= Isidor Stojanović =

Isidor Stojanović (Kanjiža, 1809 - Belgrade, 12 June 1849) was Professor of General History and Rector of the Lyceum of the Principality of Serbia from 1840 to 1841 and 1845 to 1846.

==Biography==
Born in 1808 in Bačka. He finished elementary school at his place of birth, and high school and Lyceum in Szeged. He studied law at the University of Pest. At the invitation of Prince Miloš Obrenović, as a third-year student, he came to Serbia in 1835. He was the first Professor of Poetry in the Gymnasium in Kragujevac, and Professor of General History at the Lyceum from March 1839 to June 1849 while also taking the rectorship on two occasions in 1840 and 1845. He wrote Brzoukij Bukvar, a primer for the scholastic year 1846 and beyond.

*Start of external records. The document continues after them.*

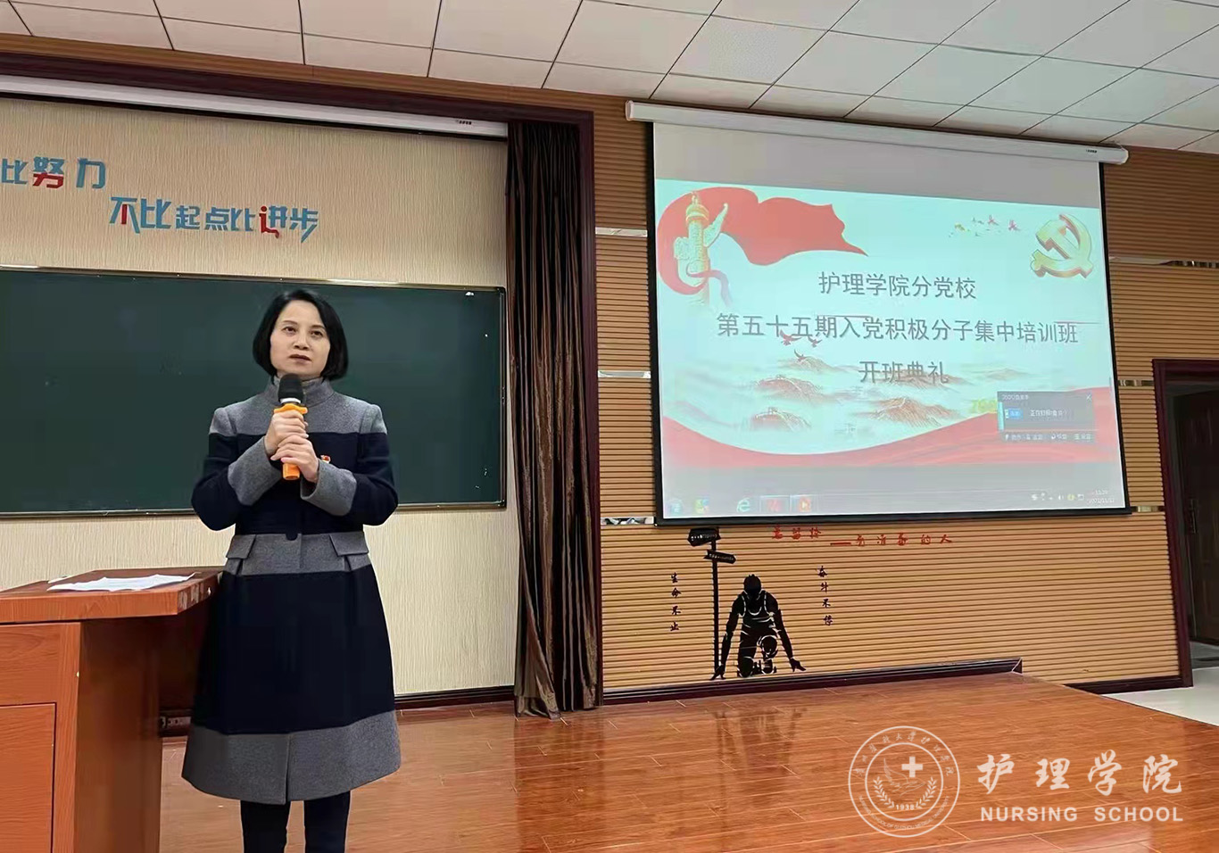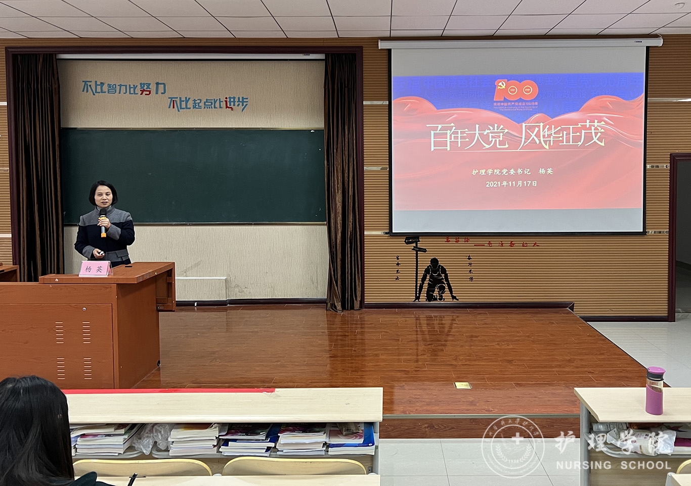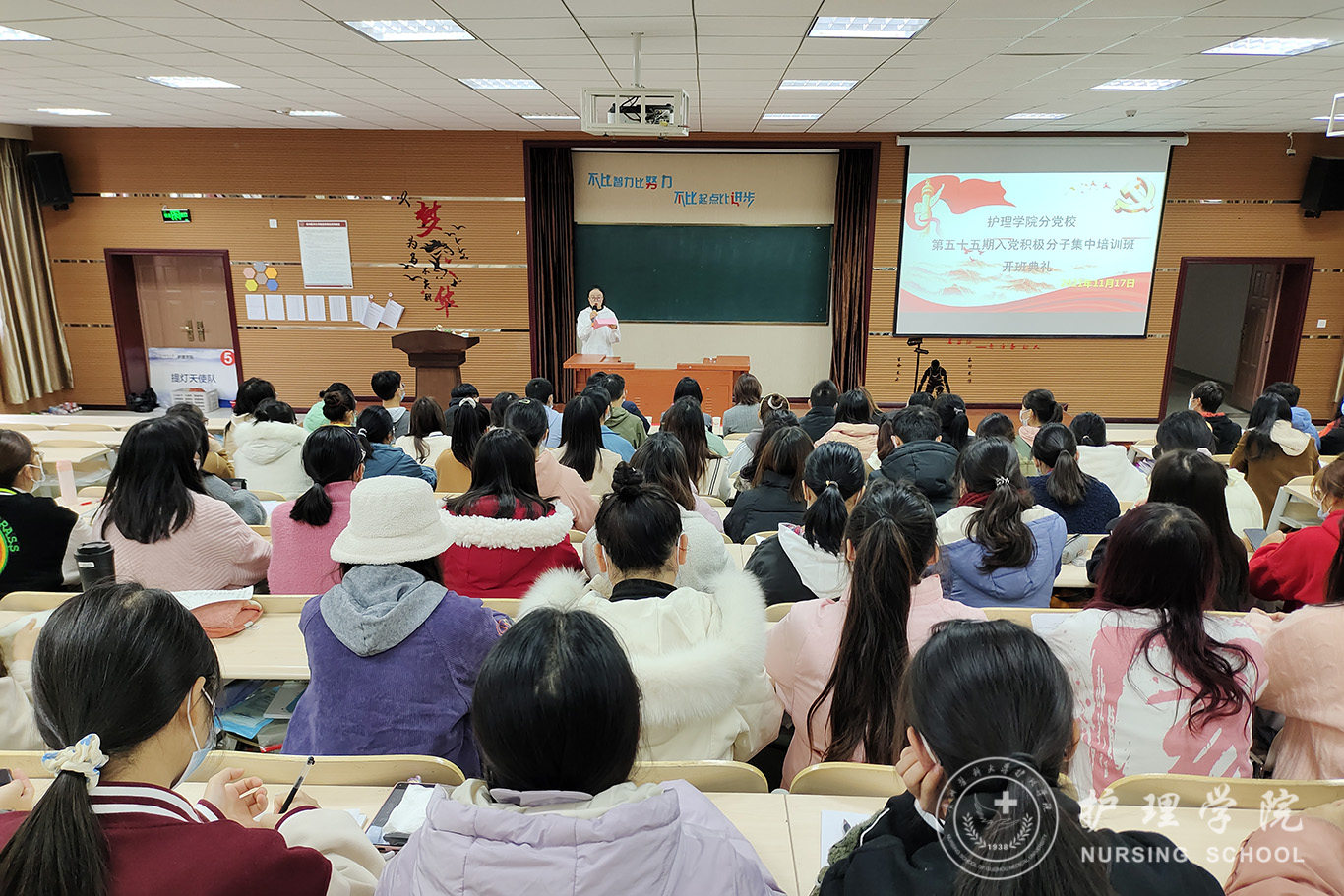 开班典礼圆满结束后,杨英以《百年大党 风华正茂》为题给同学们上了第一堂生动的党课。通过本次学习,同学们对党的百年征程有了更深刻的理解和感悟,纷纷表示将坚定理想信念,勇做走在时代前面的奋进者、开拓者和奉献者。为祖国的繁荣富强贡献一份力量!
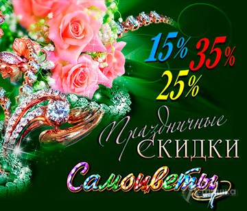 В ювелирных салонах «Самоцветы+» в Белгороде до 13 марта 2016 г. действуют праздничные скидки от 15 до 35%!
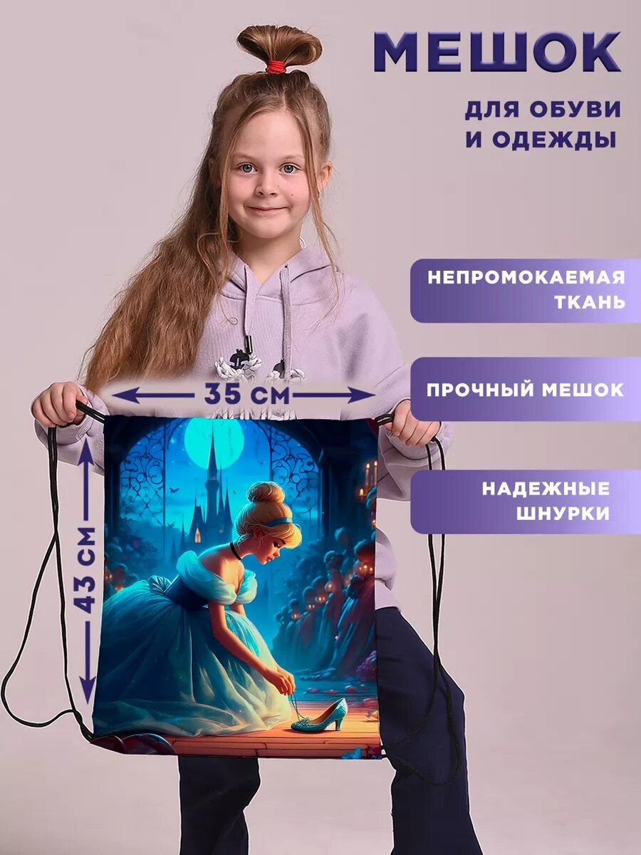 Мешок для обуви сменки большой в школу Золушка интересное:
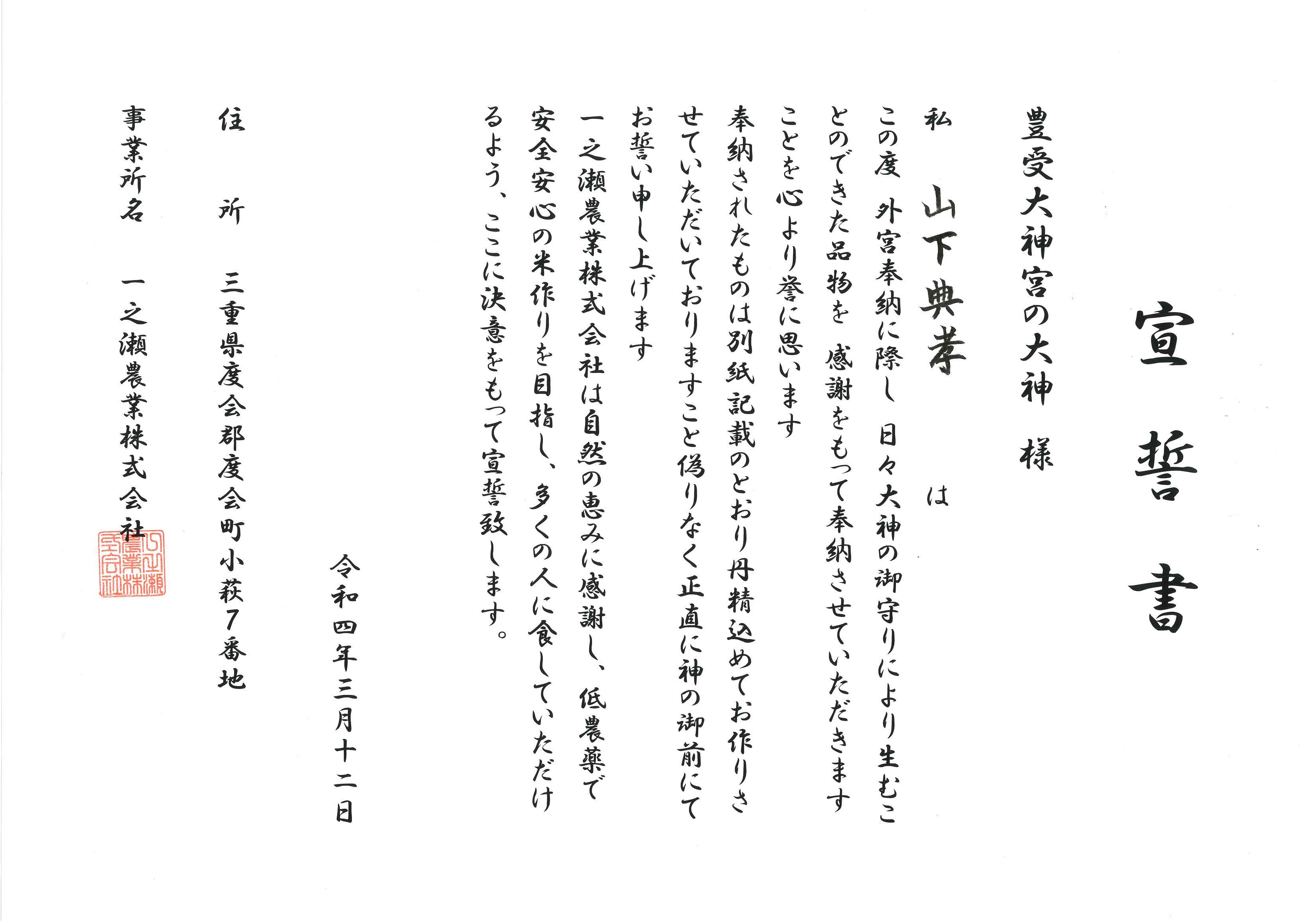 事業内容 | 一之瀬農業㈱は、度会町の山間部に位置し、清流一之瀬川の流水だけを使用し、寒暖差のある気候と恵まれた土壌、米作りに適した地域で安全安心のおいしい米作りに努めて参ります。 |

He was a member of the Society Of Serbian Letters
since 1842, a member of the Educational Board (Odbor Prosveštenija), a member of the Deputation of the Principal Fund of the School Administration, and a deputy of the Lyceum at the St. Peter's Day Assembly in Kragujevac, held 29 June 1848. He was one of the founders of the Weekly Adult Literacy School. He wrote poems, articles on Serbian history (Skull Tower) and translated literary and scholastic works from German. He wrote for Zabavnik, Urania, Podunavka, Serbian newspapers, Newsletter of the Society Of Serbian Letters and other chronicles and scholastic journals. He also described

He was collecting and gathering sources for the history of the First Serbian Uprising. Part of this material was published separately in books II and III of the Gazette of the Society Of Serbian Letters.

He died of cholera in Belgrade on 12 June 1849.